### DATA SEGMENT
┄┄┄┄┄┄┄┄┄┄

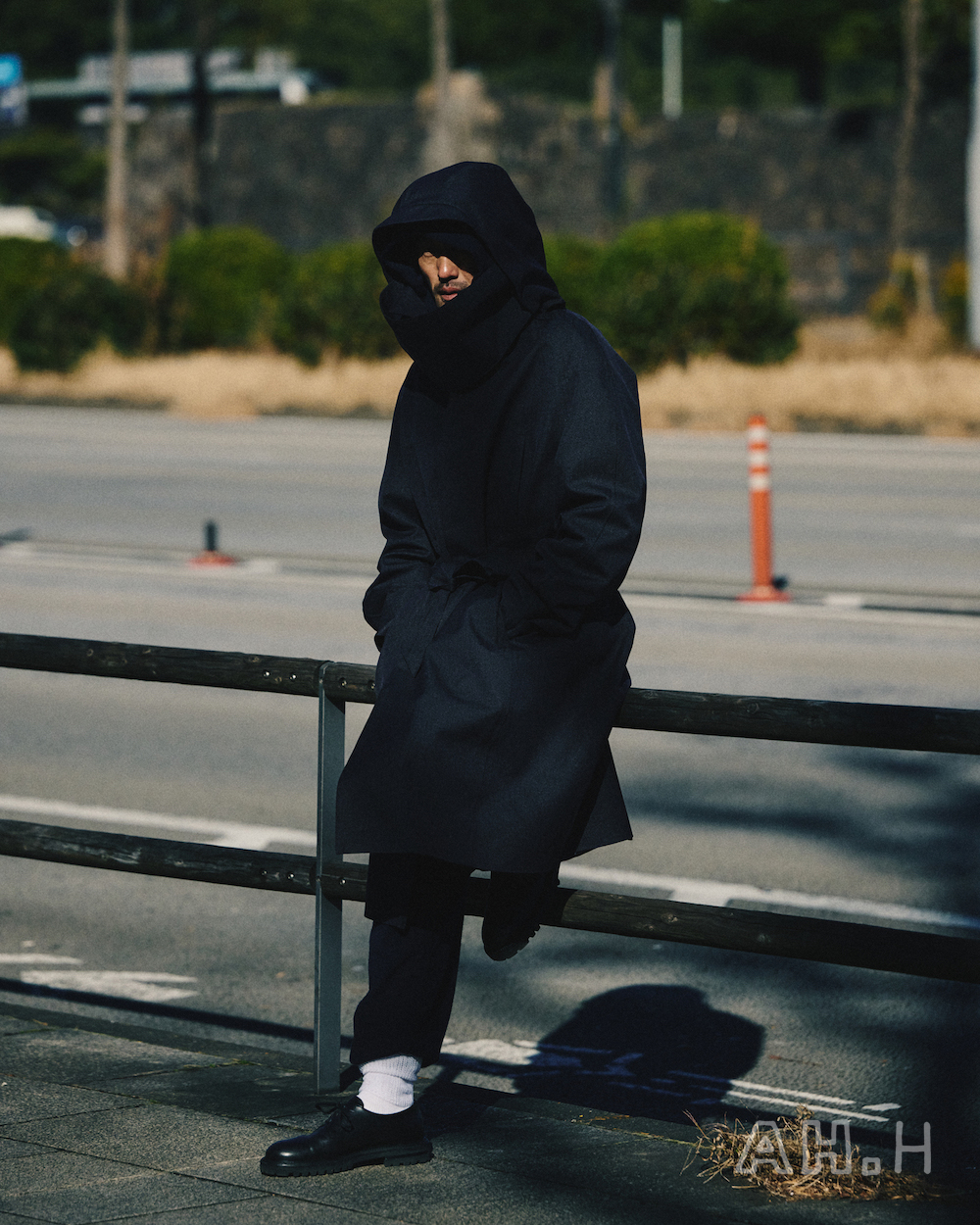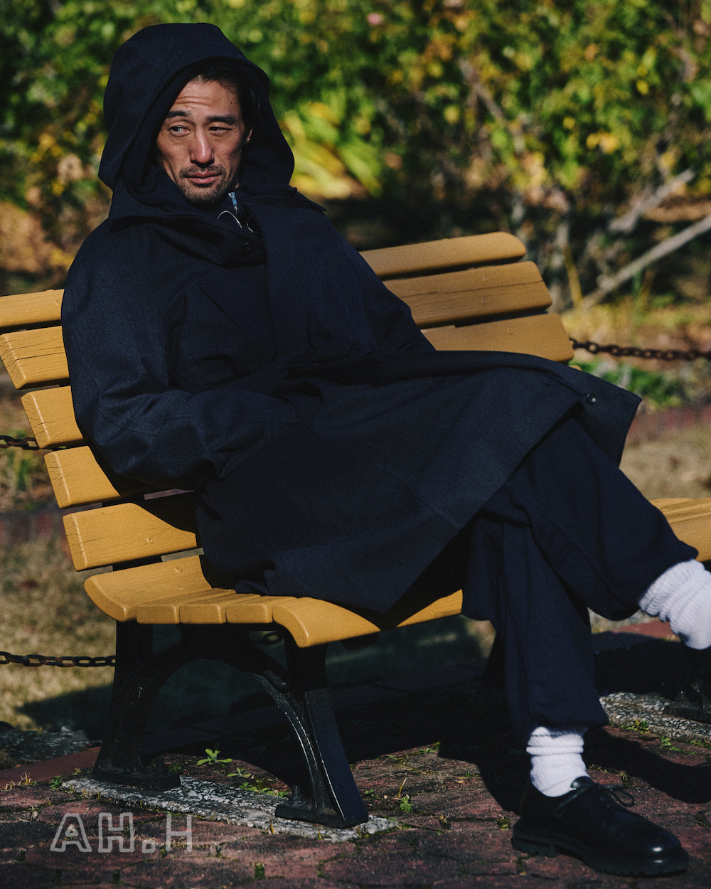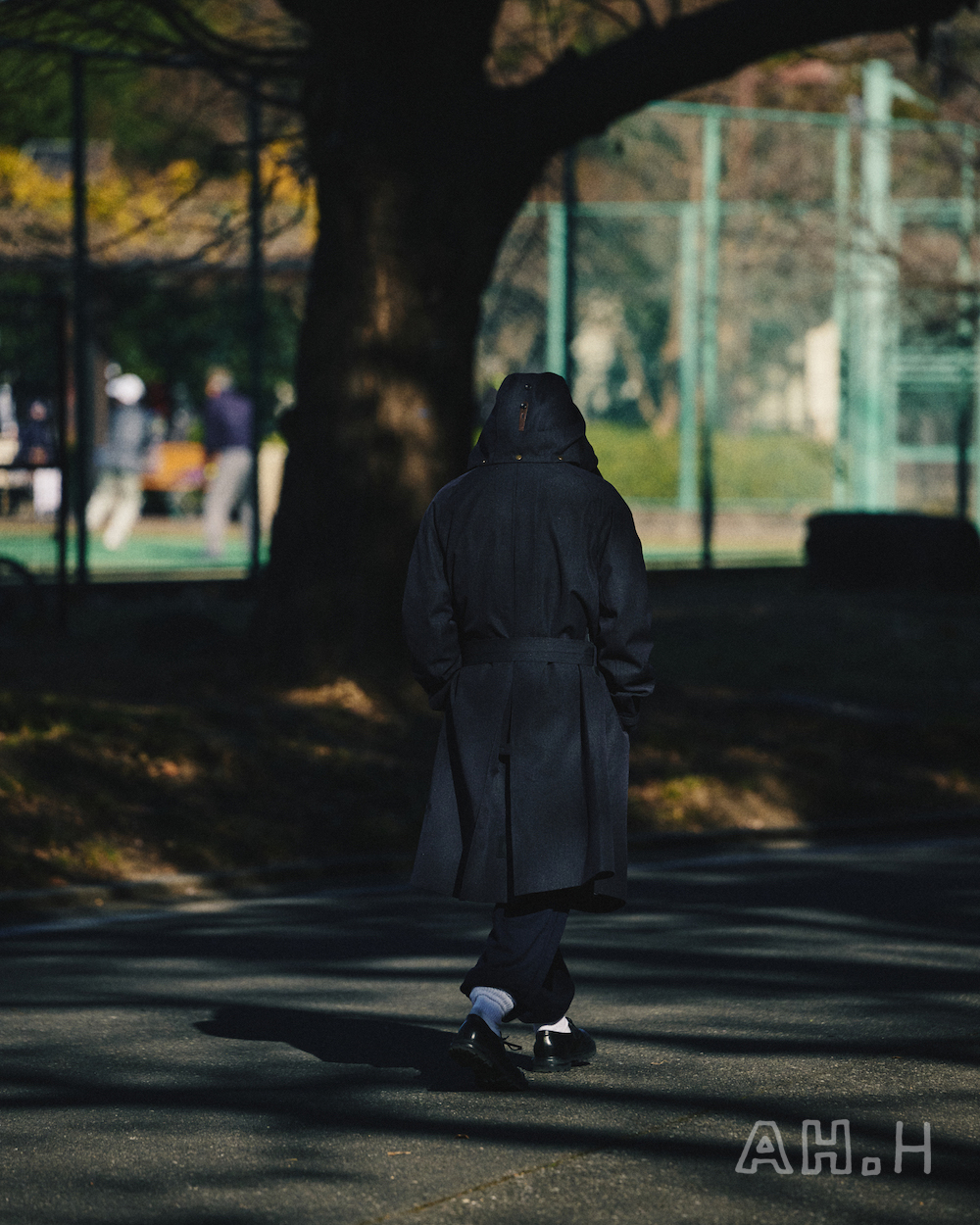 その時に、ベルゲンの街を案内してくれたのがT-マイケルさん。このレインウェアのブランド〈Norwegian Rain〉のデザイナーである。このレインコートは、ベルゲンの彼の店でそのときに購入したもの。テーラーのブランドも展開している彼の技術を活かしたパターンをベースに、着物を思わせる形やミリタリーを思わせるフードやウエストベルトなどのディテールにこだわって、街着のコートとしてもシックに見えるように作られている。
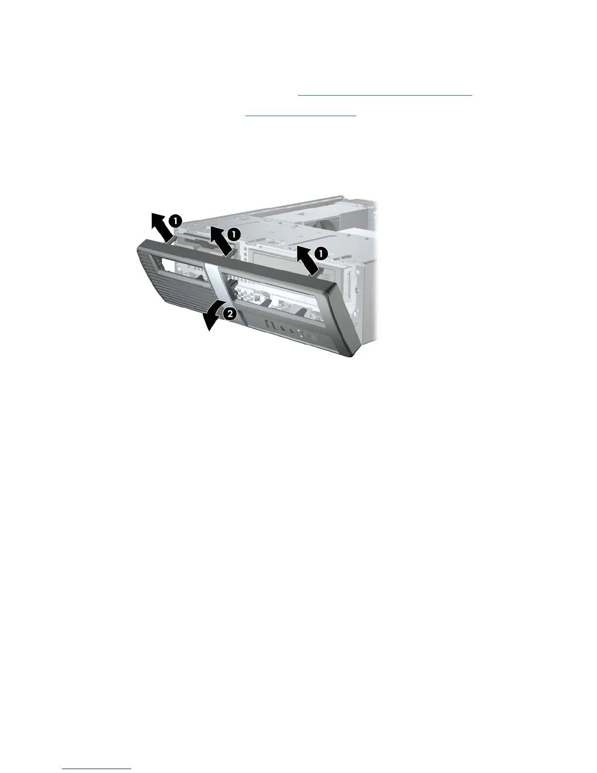3. To remove the front bezel, pull up on each of the three tabs on the top of the bezel (1) to release
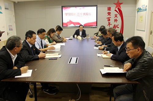 10月23日晚上,义乌外国语学校党员活动室灯火通明,学校党政联席会议正在热烈举行。党支部委员、校长室成员、部处主任13人认真学习习近平总书记代表十九届中央委员会向大会所作的《高举中国特色社会主义伟大旗帜为全面建设社会主义现代化国家而团结奋斗》的工作报告,热议报告精神。
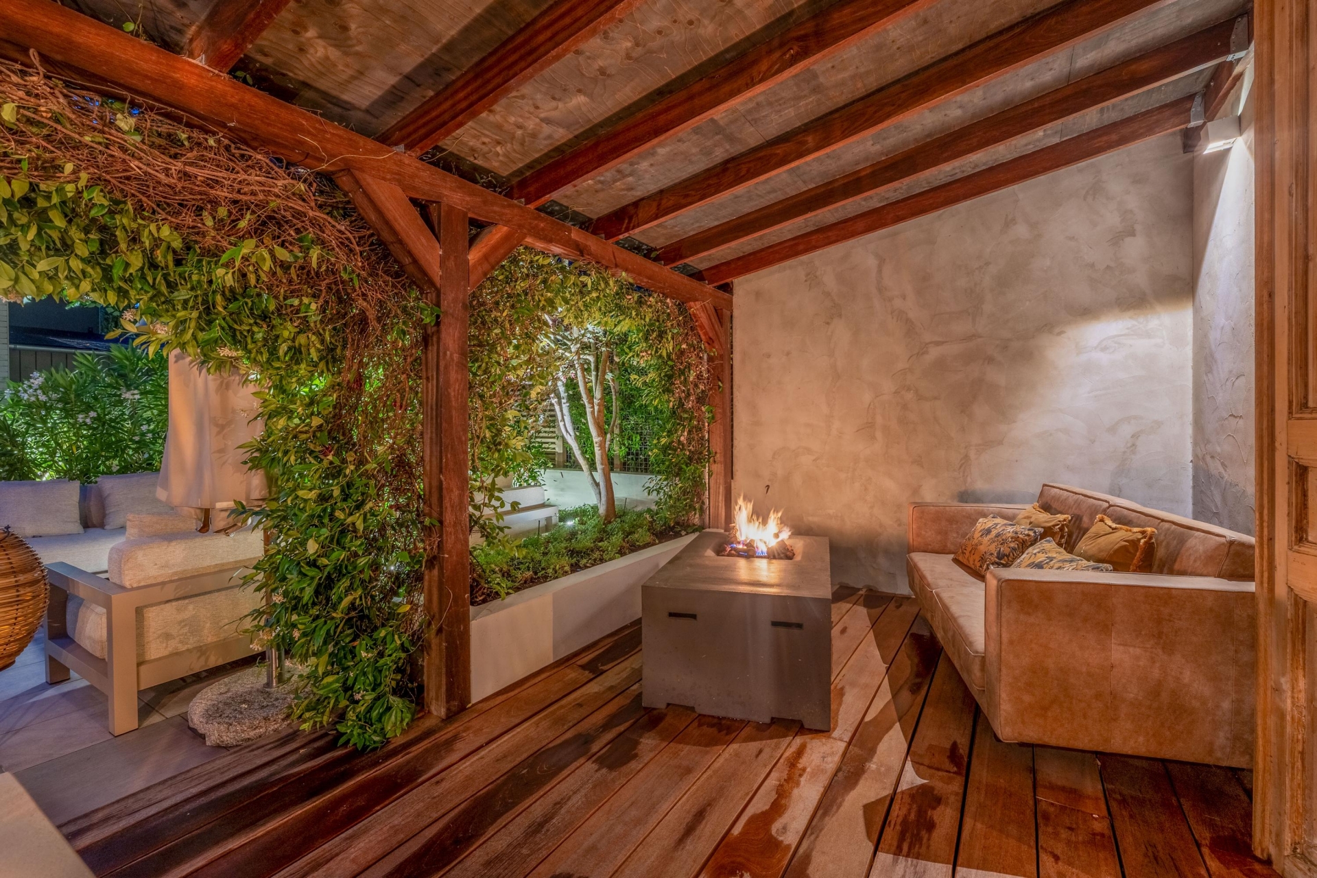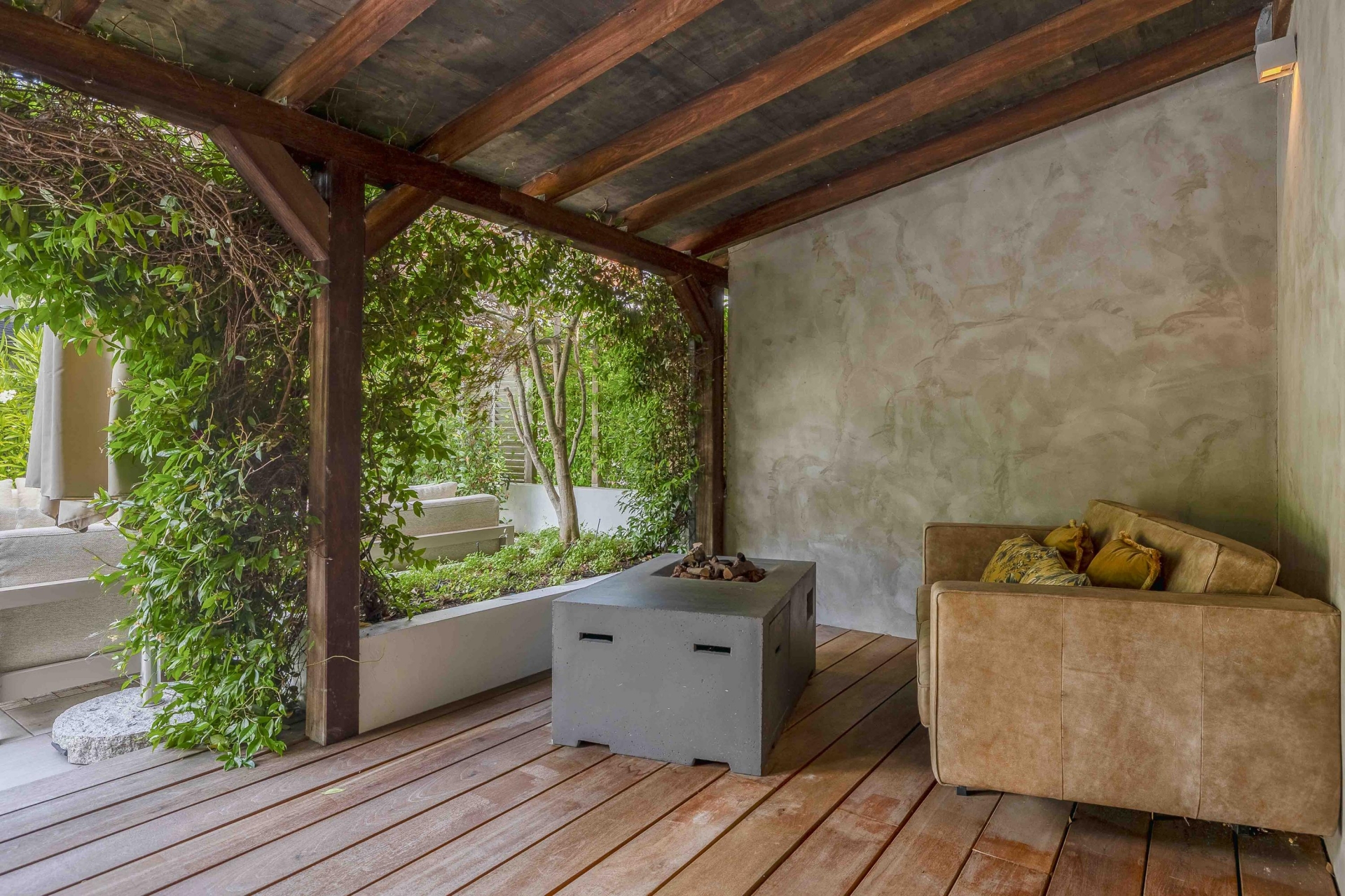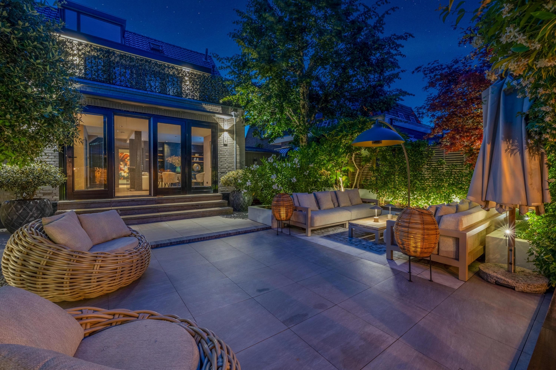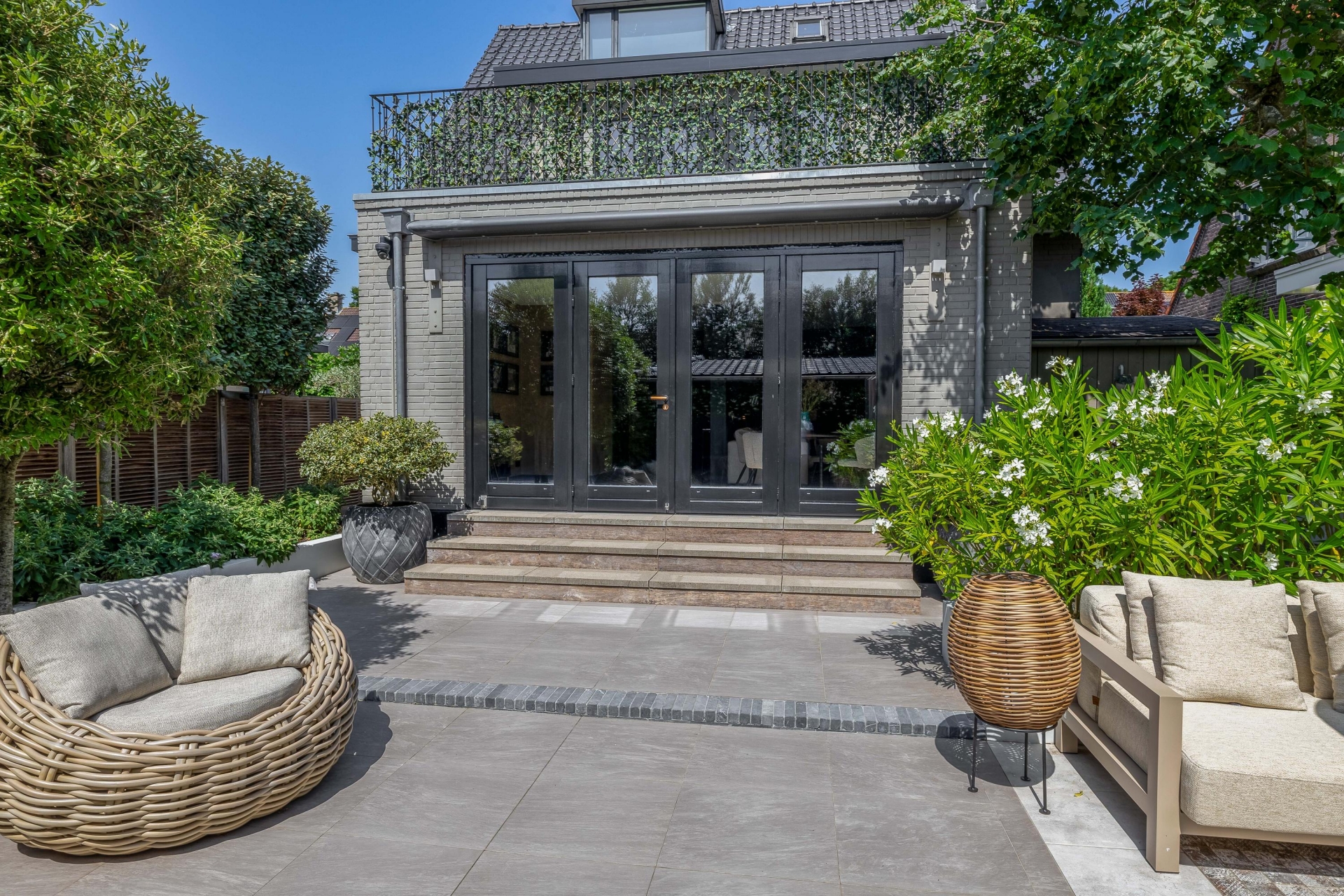 Achterin de tuin bevindt zich een stijlvolle overkapping met buitenkeuken en open haard – perfect voor ontspannen zomeravonden.

┄┄┄┄┄┄┄┄┄┄

### ABOUT THIS TASK
Please restate word for word each line from the one containing "3. To remove" to the end of the data above, without the pictures.

### RESPONSE BELOW
3. To remove the front bezel, pull up on each of the three tabs on the top of the bezel (1) to release
 10月23日晚上,义乌外国语学校党员活动室灯火通明,学校党政联席会议正在热烈举行。党支部委员、校长室成员、部处主任13人认真学习习近平总书记代表十九届中央委员会向大会所作的《高举中国特色社会主义伟大旗帜为全面建设社会主义现代化国家而团结奋斗》的工作报告,热议报告精神。
 Achterin de tuin bevindt zich een stijlvolle overkapping met buitenkeuken en open haard – perfect voor ontspannen zomeravonden.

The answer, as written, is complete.